Supplied data:
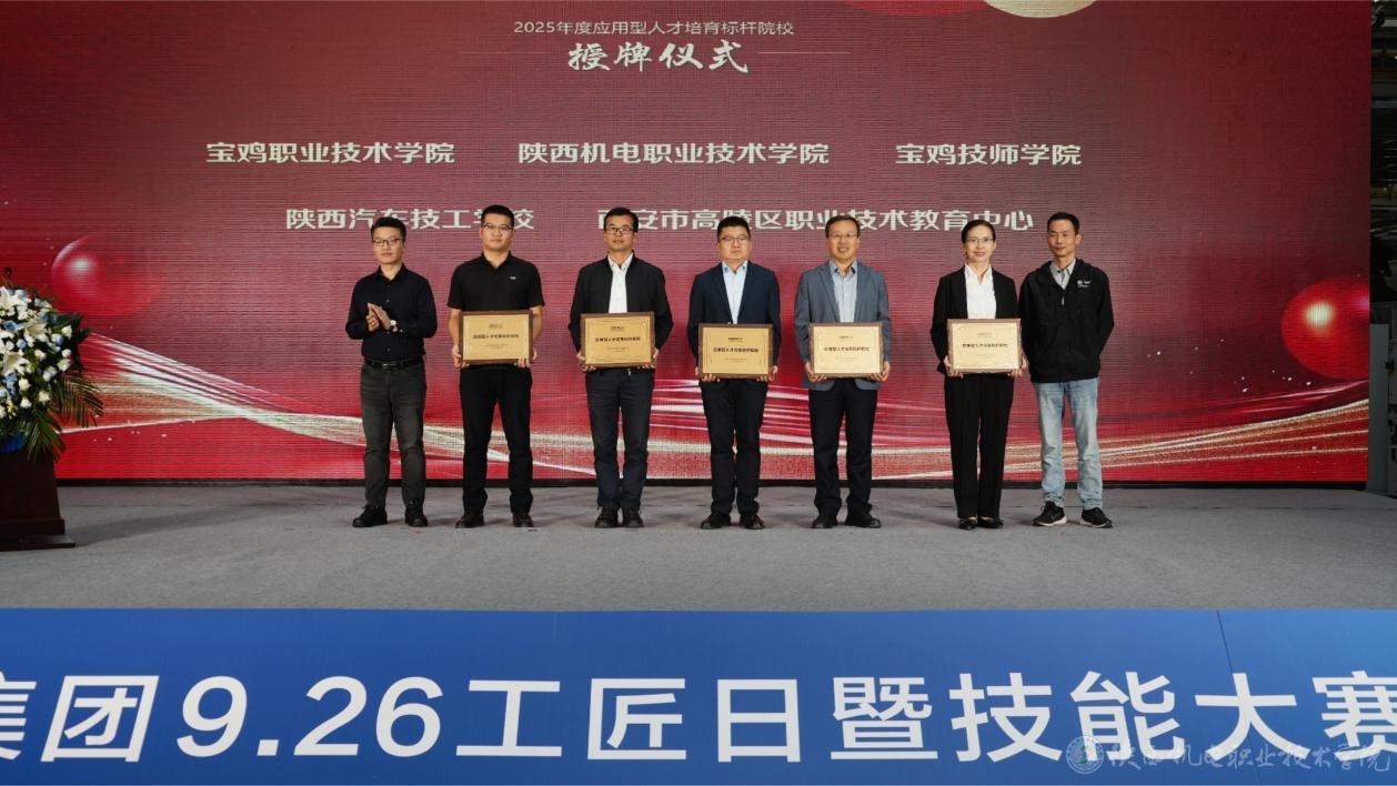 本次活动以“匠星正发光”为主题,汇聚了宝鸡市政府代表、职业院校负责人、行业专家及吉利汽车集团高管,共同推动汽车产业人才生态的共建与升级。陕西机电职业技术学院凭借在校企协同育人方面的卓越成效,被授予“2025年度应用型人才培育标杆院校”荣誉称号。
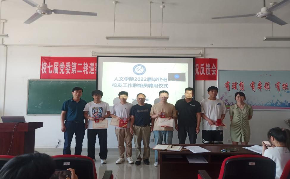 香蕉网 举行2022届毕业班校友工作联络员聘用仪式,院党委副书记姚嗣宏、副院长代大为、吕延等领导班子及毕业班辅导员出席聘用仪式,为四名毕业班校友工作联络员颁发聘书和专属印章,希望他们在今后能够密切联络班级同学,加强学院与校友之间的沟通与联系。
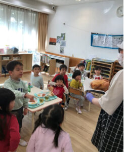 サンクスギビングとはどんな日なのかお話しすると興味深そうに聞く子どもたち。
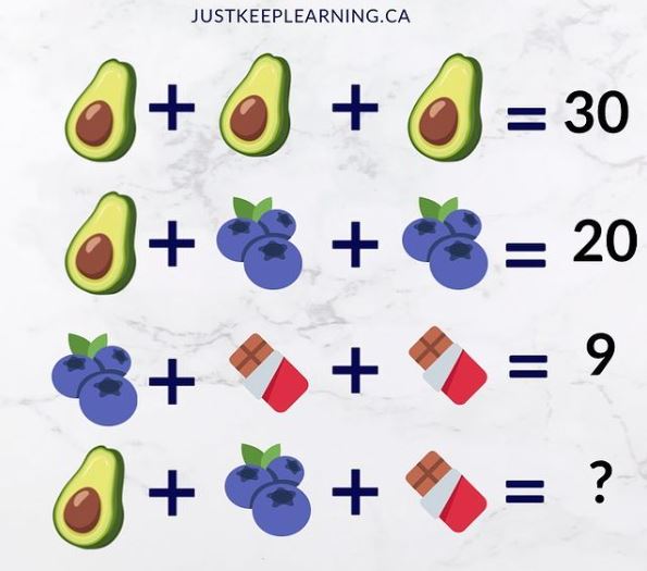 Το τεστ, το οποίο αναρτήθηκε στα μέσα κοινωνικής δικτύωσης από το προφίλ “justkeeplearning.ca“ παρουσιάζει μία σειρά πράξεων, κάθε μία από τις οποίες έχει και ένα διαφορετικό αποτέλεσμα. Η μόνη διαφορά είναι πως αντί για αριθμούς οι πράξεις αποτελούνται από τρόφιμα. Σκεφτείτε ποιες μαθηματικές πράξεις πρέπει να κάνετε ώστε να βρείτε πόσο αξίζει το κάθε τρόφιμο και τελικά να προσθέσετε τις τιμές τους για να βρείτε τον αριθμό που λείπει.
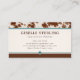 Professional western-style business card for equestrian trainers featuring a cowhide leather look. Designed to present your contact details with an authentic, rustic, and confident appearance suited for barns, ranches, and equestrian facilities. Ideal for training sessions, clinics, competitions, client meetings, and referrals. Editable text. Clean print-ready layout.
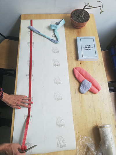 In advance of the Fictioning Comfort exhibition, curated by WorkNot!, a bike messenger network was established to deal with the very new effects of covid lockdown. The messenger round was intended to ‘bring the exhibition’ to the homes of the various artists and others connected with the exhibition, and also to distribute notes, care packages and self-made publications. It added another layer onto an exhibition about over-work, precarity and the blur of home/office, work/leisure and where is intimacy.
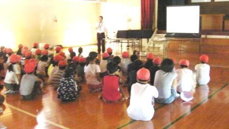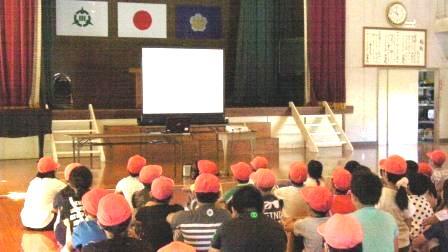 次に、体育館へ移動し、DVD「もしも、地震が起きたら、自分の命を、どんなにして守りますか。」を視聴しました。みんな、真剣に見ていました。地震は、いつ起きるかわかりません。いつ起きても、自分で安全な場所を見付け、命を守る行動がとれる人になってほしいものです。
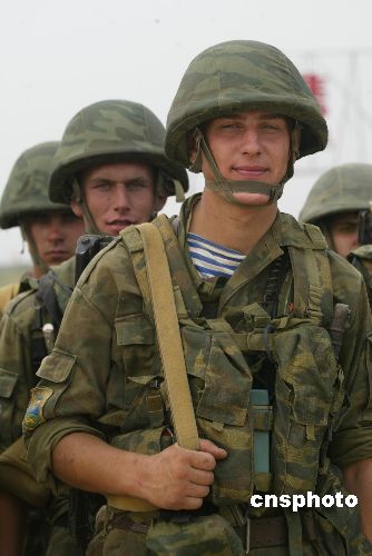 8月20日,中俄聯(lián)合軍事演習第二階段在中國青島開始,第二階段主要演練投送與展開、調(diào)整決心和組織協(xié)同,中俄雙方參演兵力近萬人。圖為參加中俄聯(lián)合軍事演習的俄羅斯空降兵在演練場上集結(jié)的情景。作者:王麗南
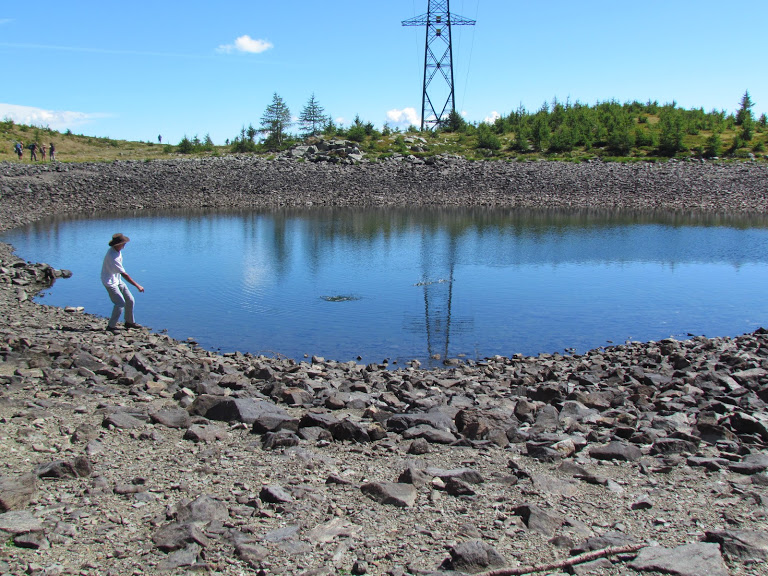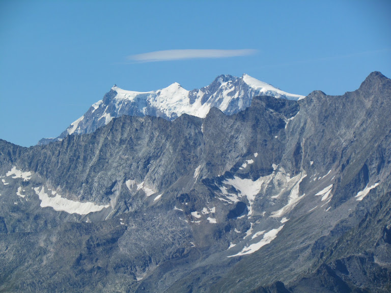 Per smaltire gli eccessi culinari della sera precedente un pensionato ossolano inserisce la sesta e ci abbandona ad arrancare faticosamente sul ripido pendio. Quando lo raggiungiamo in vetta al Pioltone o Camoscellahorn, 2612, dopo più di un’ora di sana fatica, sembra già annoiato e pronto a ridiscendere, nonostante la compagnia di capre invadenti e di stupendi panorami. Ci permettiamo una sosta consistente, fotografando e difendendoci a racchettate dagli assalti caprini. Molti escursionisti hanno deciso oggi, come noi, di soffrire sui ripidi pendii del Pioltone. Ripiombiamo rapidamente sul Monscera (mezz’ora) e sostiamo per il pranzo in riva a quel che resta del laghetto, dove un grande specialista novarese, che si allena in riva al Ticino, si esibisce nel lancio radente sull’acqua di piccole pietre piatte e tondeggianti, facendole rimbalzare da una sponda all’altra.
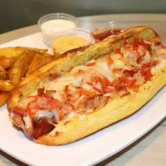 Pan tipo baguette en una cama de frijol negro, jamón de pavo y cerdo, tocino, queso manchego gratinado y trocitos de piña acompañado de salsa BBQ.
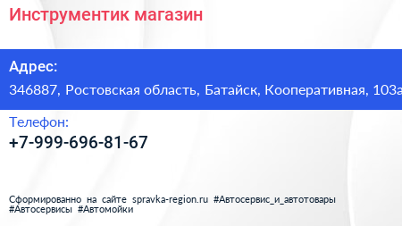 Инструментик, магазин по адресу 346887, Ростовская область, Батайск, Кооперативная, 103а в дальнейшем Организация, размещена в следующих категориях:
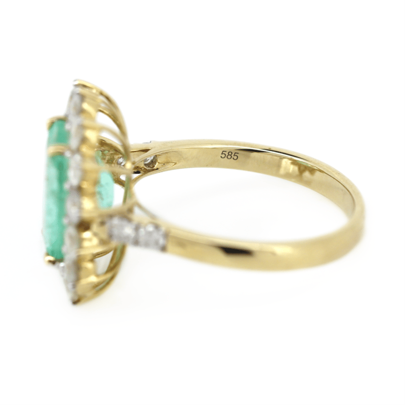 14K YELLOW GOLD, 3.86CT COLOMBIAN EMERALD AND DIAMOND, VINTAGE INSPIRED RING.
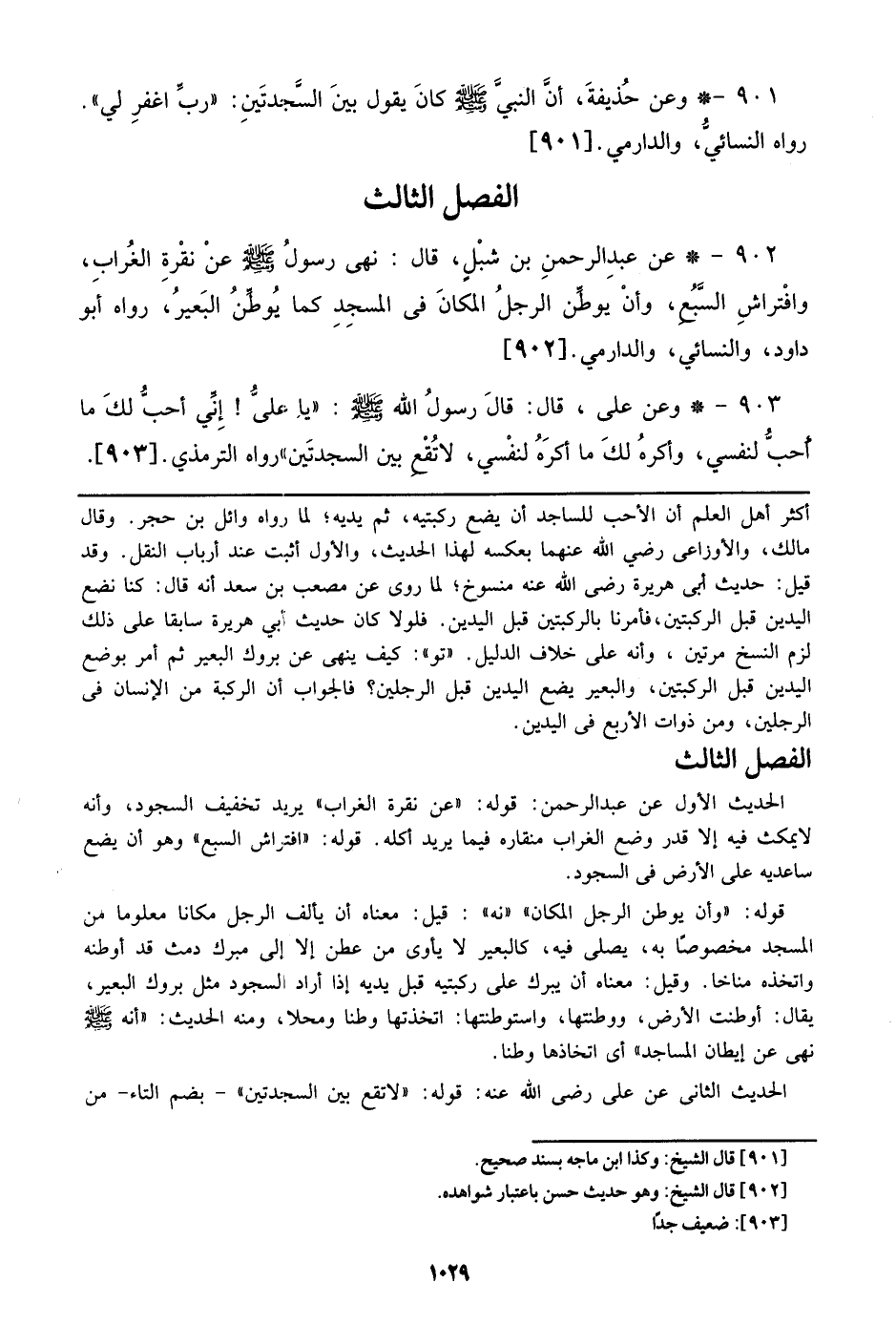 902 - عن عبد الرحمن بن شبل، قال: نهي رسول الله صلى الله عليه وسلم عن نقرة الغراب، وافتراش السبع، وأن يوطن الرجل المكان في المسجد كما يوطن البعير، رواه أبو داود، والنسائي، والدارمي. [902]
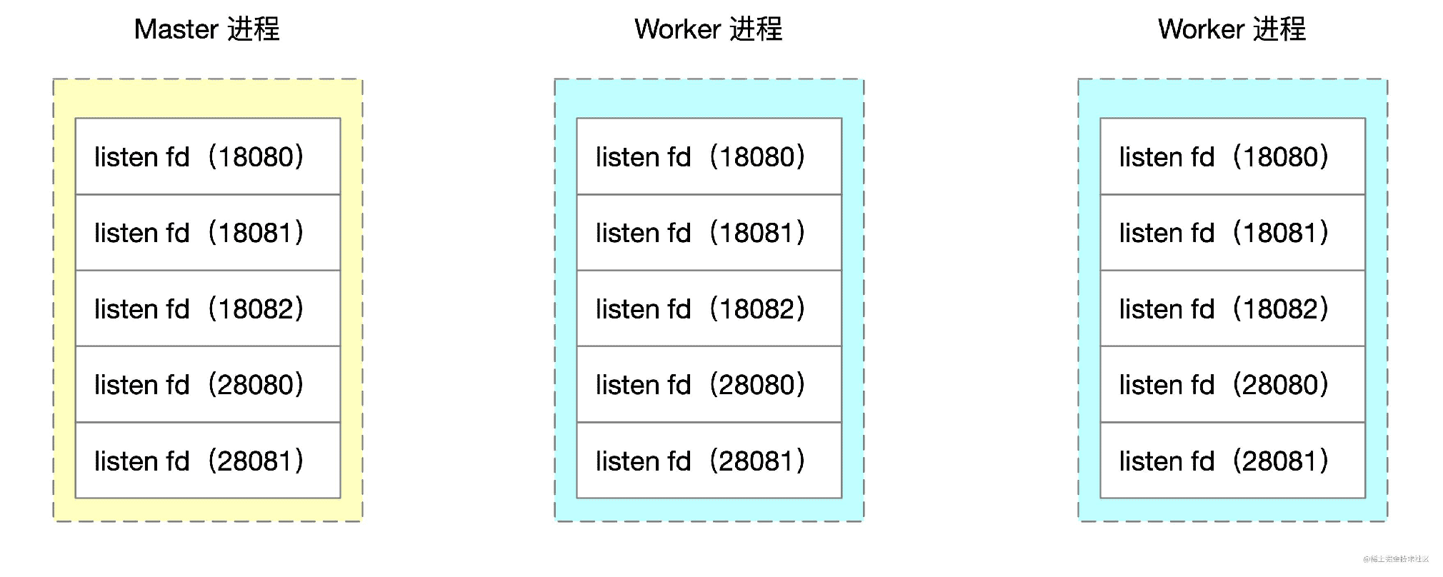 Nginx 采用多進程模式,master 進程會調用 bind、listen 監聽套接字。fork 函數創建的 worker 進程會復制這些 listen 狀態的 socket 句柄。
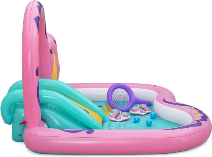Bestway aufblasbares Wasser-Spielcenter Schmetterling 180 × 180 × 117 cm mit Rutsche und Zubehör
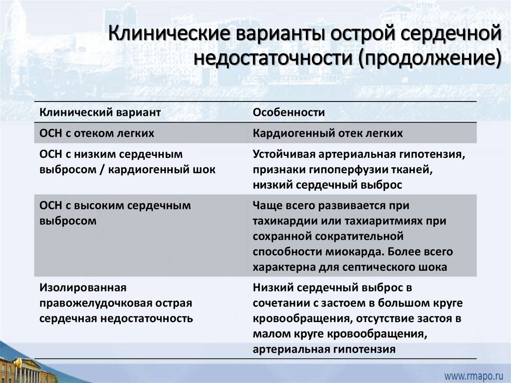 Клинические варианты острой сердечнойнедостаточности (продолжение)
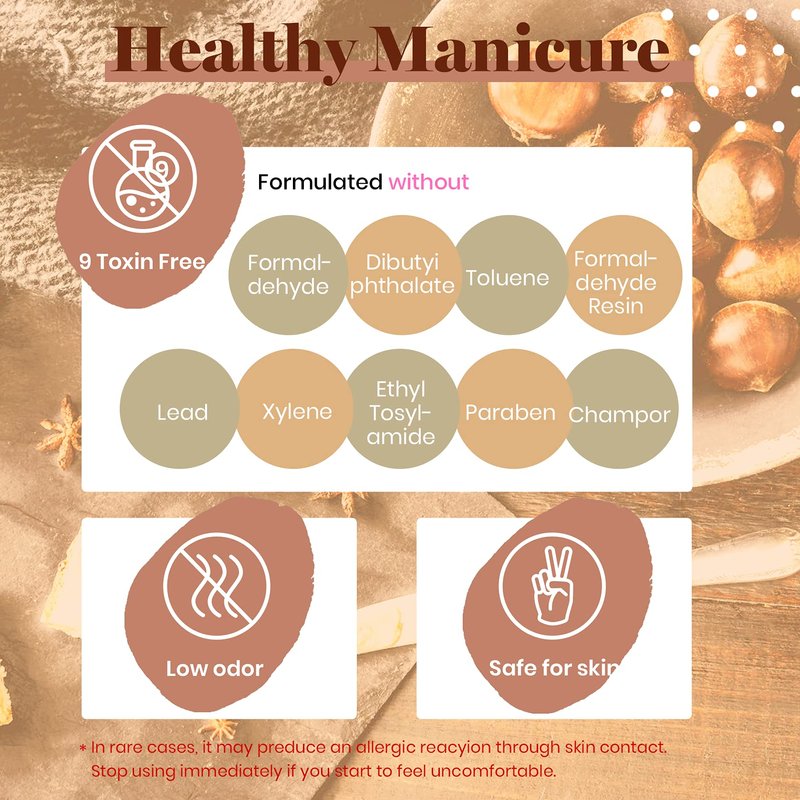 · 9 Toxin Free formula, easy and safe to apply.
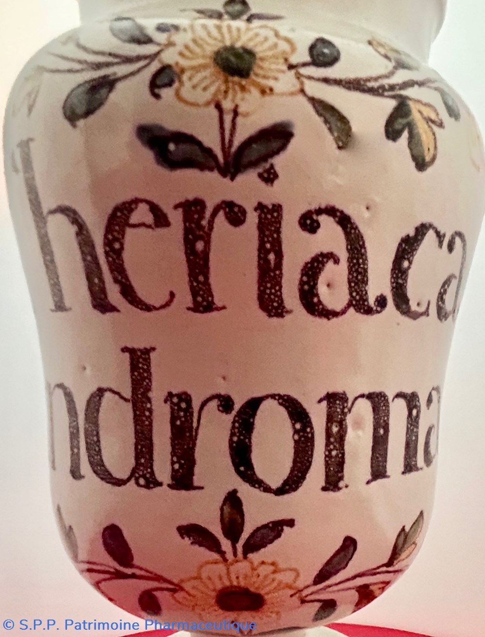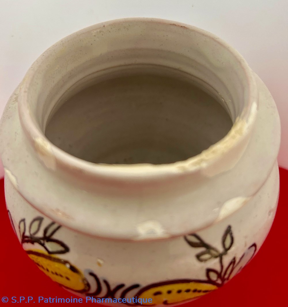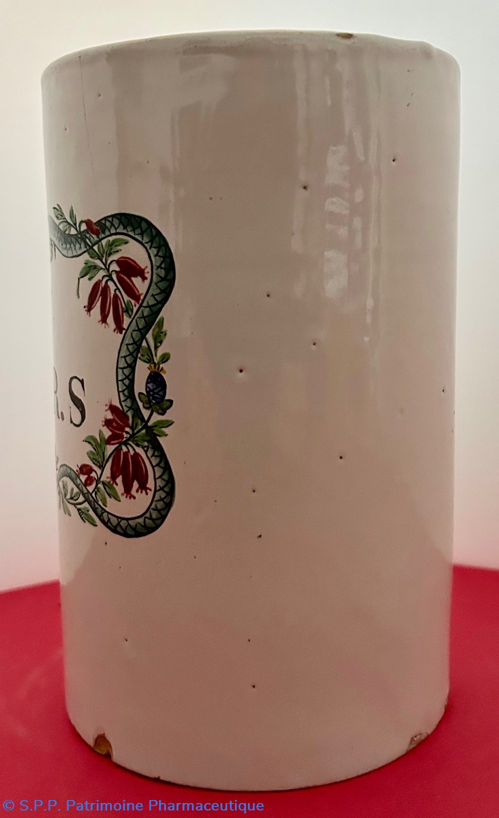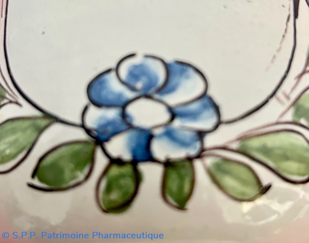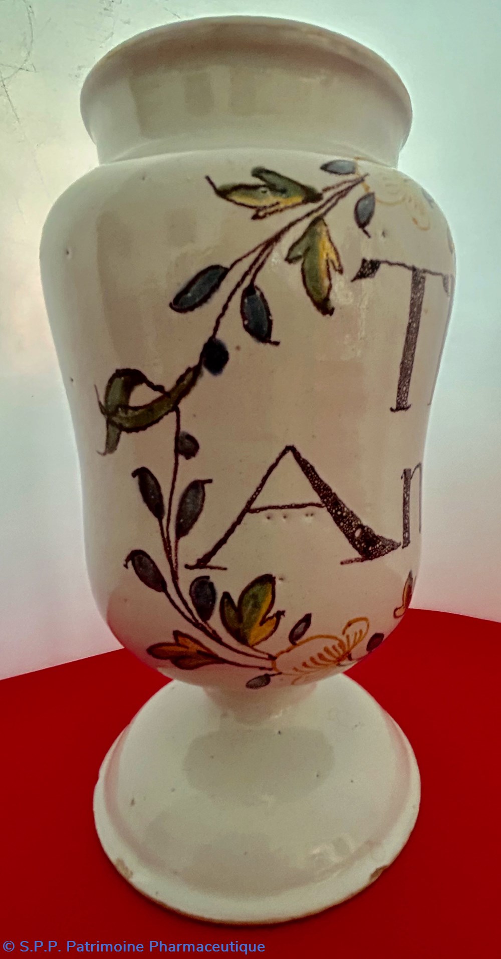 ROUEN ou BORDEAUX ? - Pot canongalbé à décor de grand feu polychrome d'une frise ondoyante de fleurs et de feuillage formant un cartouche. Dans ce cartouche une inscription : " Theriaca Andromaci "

Your objective: Word for word, give the listing above again, but drop any pictures.

Answer to this task:
 本次活动以“匠星正发光”为主题,汇聚了宝鸡市政府代表、职业院校负责人、行业专家及吉利汽车集团高管,共同推动汽车产业人才生态的共建与升级。陕西机电职业技术学院凭借在校企协同育人方面的卓越成效,被授予“2025年度应用型人才培育标杆院校”荣誉称号。
 香蕉网 举行2022届毕业班校友工作联络员聘用仪式,院党委副书记姚嗣宏、副院长代大为、吕延等领导班子及毕业班辅导员出席聘用仪式,为四名毕业班校友工作联络员颁发聘书和专属印章,希望他们在今后能够密切联络班级同学,加强学院与校友之间的沟通与联系。
 サンクスギビングとはどんな日なのかお話しすると興味深そうに聞く子どもたち。
 Το τεστ, το οποίο αναρτήθηκε στα μέσα κοινωνικής δικτύωσης από το προφίλ “justkeeplearning.ca“ παρουσιάζει μία σειρά πράξεων, κάθε μία από τις οποίες έχει και ένα διαφορετικό αποτέλεσμα. Η μόνη διαφορά είναι πως αντί για αριθμούς οι πράξεις αποτελούνται από τρόφιμα. Σκεφτείτε ποιες μαθηματικές πράξεις πρέπει να κάνετε ώστε να βρείτε πόσο αξίζει το κάθε τρόφιμο και τελικά να προσθέσετε τις τιμές τους για να βρείτε τον αριθμό που λείπει.
 Professional western-style business card for equestrian trainers featuring a cowhide leather look. Designed to present your contact details with an authentic, rustic, and confident appearance suited for barns, ranches, and equestrian facilities. Ideal for training sessions, clinics, competitions, client meetings, and referrals. Editable text. Clean print-ready layout.
 In advance of the Fictioning Comfort exhibition, curated by WorkNot!, a bike messenger network was established to deal with the very new effects of covid lockdown. The messenger round was intended to ‘bring the exhibition’ to the homes of the various artists and others connected with the exhibition, and also to distribute notes, care packages and self-made publications. It added another layer onto an exhibition about over-work, precarity and the blur of home/office, work/leisure and where is intimacy.
 次に、体育館へ移動し、DVD「もしも、地震が起きたら、自分の命を、どんなにして守りますか。」を視聴しました。みんな、真剣に見ていました。地震は、いつ起きるかわかりません。いつ起きても、自分で安全な場所を見付け、命を守る行動がとれる人になってほしいものです。
 8月20日,中俄聯(lián)合軍事演習第二階段在中國青島開始,第二階段主要演練投送與展開、調(diào)整決心和組織協(xié)同,中俄雙方參演兵力近萬人。圖為參加中俄聯(lián)合軍事演習的俄羅斯空降兵在演練場上集結(jié)的情景。作者:王麗南
 Per smaltire gli eccessi culinari della sera precedente un pensionato ossolano inserisce la sesta e ci abbandona ad arrancare faticosamente sul ripido pendio. Quando lo raggiungiamo in vetta al Pioltone o Camoscellahorn, 2612, dopo più di un’ora di sana fatica, sembra già annoiato e pronto a ridiscendere, nonostante la compagnia di capre invadenti e di stupendi panorami. Ci permettiamo una sosta consistente, fotografando e difendendoci a racchettate dagli assalti caprini. Molti escursionisti hanno deciso oggi, come noi, di soffrire sui ripidi pendii del Pioltone. Ripiombiamo rapidamente sul Monscera (mezz’ora) e sostiamo per il pranzo in riva a quel che resta del laghetto, dove un grande specialista novarese, che si allena in riva al Ticino, si esibisce nel lancio radente sull’acqua di piccole pietre piatte e tondeggianti, facendole rimbalzare da una sponda all’altra.
 Pan tipo baguette en una cama de frijol negro, jamón de pavo y cerdo, tocino, queso manchego gratinado y trocitos de piña acompañado de salsa BBQ.
 Инструментик, магазин по адресу 346887, Ростовская область, Батайск, Кооперативная, 103а в дальнейшем Организация, размещена в следующих категориях:
 14K YELLOW GOLD, 3.86CT COLOMBIAN EMERALD AND DIAMOND, VINTAGE INSPIRED RING.
 902 - عن عبد الرحمن بن شبل، قال: نهي رسول الله صلى الله عليه وسلم عن نقرة الغراب، وافتراش السبع، وأن يوطن الرجل المكان في المسجد كما يوطن البعير، رواه أبو داود، والنسائي، والدارمي. [902]
 Nginx 采用多進程模式,master 進程會調用 bind、listen 監聽套接字。fork 函數創建的 worker 進程會復制這些 listen 狀態的 socket 句柄。
Bestway aufblasbares Wasser-Spielcenter Schmetterling 180 × 180 × 117 cm mit Rutsche und Zubehör
 Клинические варианты острой сердечнойнедостаточности (продолжение)
 · 9 Toxin Free formula, easy and safe to apply.
 ROUEN ou BORDEAUX ? - Pot canongalbé à décor de grand feu polychrome d'une frise ondoyante de fleurs et de feuillage formant un cartouche. Dans ce cartouche une inscription : " Theriaca Andromaci "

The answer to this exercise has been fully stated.